┌─ Dataset content
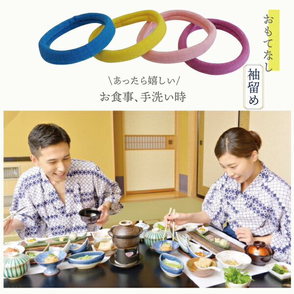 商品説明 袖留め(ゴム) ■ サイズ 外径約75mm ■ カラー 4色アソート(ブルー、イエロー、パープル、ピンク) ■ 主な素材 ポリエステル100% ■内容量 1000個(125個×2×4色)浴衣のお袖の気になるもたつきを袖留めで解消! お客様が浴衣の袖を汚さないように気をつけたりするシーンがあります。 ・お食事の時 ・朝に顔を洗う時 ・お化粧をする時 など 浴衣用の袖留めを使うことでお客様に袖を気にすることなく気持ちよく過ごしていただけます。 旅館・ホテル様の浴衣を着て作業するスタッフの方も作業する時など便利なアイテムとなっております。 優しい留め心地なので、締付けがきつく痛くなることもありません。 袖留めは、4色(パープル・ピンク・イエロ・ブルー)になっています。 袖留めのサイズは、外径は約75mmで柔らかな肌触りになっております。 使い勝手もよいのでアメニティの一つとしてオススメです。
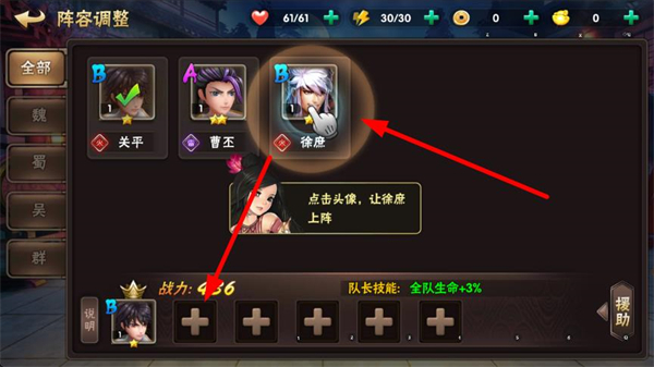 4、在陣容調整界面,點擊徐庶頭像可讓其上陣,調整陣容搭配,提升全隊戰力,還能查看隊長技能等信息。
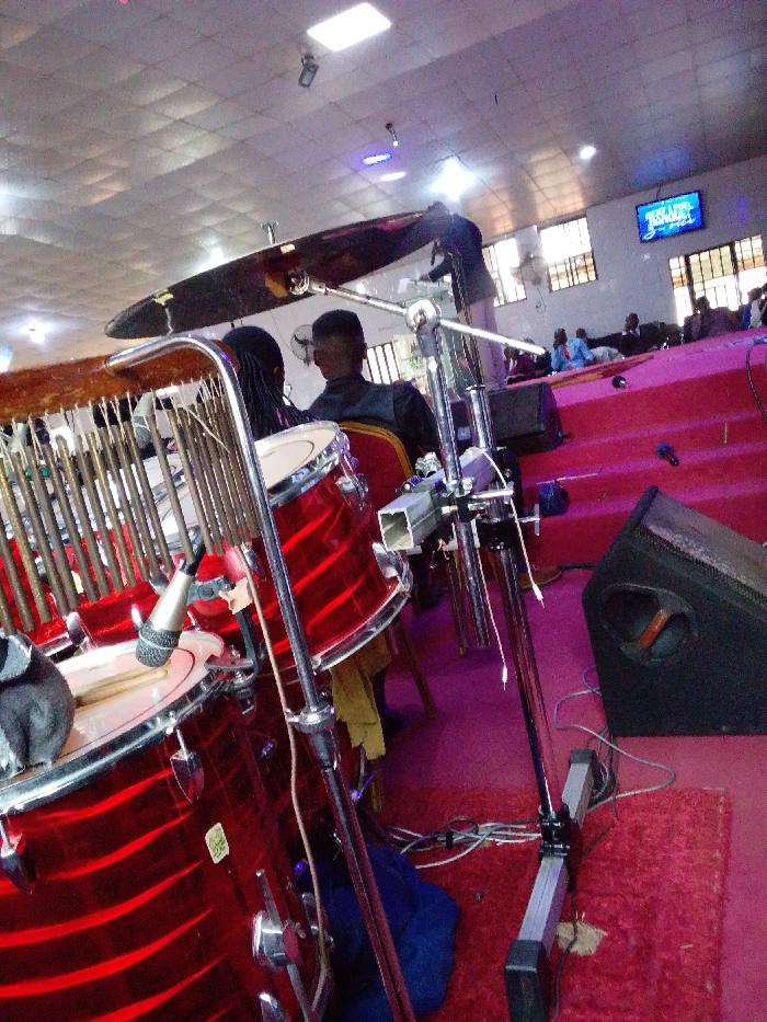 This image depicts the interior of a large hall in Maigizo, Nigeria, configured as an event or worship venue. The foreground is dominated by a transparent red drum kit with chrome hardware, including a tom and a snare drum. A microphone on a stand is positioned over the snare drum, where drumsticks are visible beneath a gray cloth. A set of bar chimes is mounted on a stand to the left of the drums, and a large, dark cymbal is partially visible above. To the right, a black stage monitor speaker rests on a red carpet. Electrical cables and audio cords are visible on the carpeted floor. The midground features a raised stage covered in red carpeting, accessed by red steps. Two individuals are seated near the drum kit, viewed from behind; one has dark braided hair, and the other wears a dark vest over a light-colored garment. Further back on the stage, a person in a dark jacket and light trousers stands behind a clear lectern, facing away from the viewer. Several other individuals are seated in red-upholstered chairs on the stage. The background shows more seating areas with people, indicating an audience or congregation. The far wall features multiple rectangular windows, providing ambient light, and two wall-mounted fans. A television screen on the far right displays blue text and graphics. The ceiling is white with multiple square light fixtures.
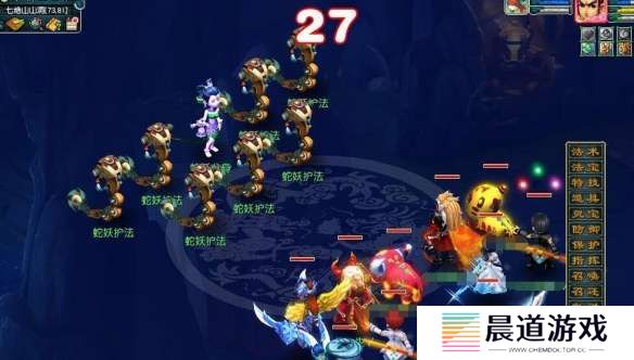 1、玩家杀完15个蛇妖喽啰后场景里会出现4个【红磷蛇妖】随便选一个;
└─
Pass over the images and copy the rest of the material above exactly.

 商品説明 袖留め(ゴム) ■ サイズ 外径約75mm ■ カラー 4色アソート(ブルー、イエロー、パープル、ピンク) ■ 主な素材 ポリエステル100% ■内容量 1000個(125個×2×4色)浴衣のお袖の気になるもたつきを袖留めで解消! お客様が浴衣の袖を汚さないように気をつけたりするシーンがあります。 ・お食事の時 ・朝に顔を洗う時 ・お化粧をする時 など 浴衣用の袖留めを使うことでお客様に袖を気にすることなく気持ちよく過ごしていただけます。 旅館・ホテル様の浴衣を着て作業するスタッフの方も作業する時など便利なアイテムとなっております。 優しい留め心地なので、締付けがきつく痛くなることもありません。 袖留めは、4色(パープル・ピンク・イエロ・ブルー)になっています。 袖留めのサイズは、外径は約75mmで柔らかな肌触りになっております。 使い勝手もよいのでアメニティの一つとしてオススメです。
 4、在陣容調整界面,點擊徐庶頭像可讓其上陣,調整陣容搭配,提升全隊戰力,還能查看隊長技能等信息。
 This image depicts the interior of a large hall in Maigizo, Nigeria, configured as an event or worship venue. The foreground is dominated by a transparent red drum kit with chrome hardware, including a tom and a snare drum. A microphone on a stand is positioned over the snare drum, where drumsticks are visible beneath a gray cloth. A set of bar chimes is mounted on a stand to the left of the drums, and a large, dark cymbal is partially visible above. To the right, a black stage monitor speaker rests on a red carpet. Electrical cables and audio cords are visible on the carpeted floor. The midground features a raised stage covered in red carpeting, accessed by red steps. Two individuals are seated near the drum kit, viewed from behind; one has dark braided hair, and the other wears a dark vest over a light-colored garment. Further back on the stage, a person in a dark jacket and light trousers stands behind a clear lectern, facing away from the viewer. Several other individuals are seated in red-upholstered chairs on the stage. The background shows more seating areas with people, indicating an audience or congregation. The far wall features multiple rectangular windows, providing ambient light, and two wall-mounted fans. A television screen on the far right displays blue text and graphics. The ceiling is white with multiple square light fixtures.
 1、玩家杀完15个蛇妖喽啰后场景里会出现4个【红磷蛇妖】随便选一个;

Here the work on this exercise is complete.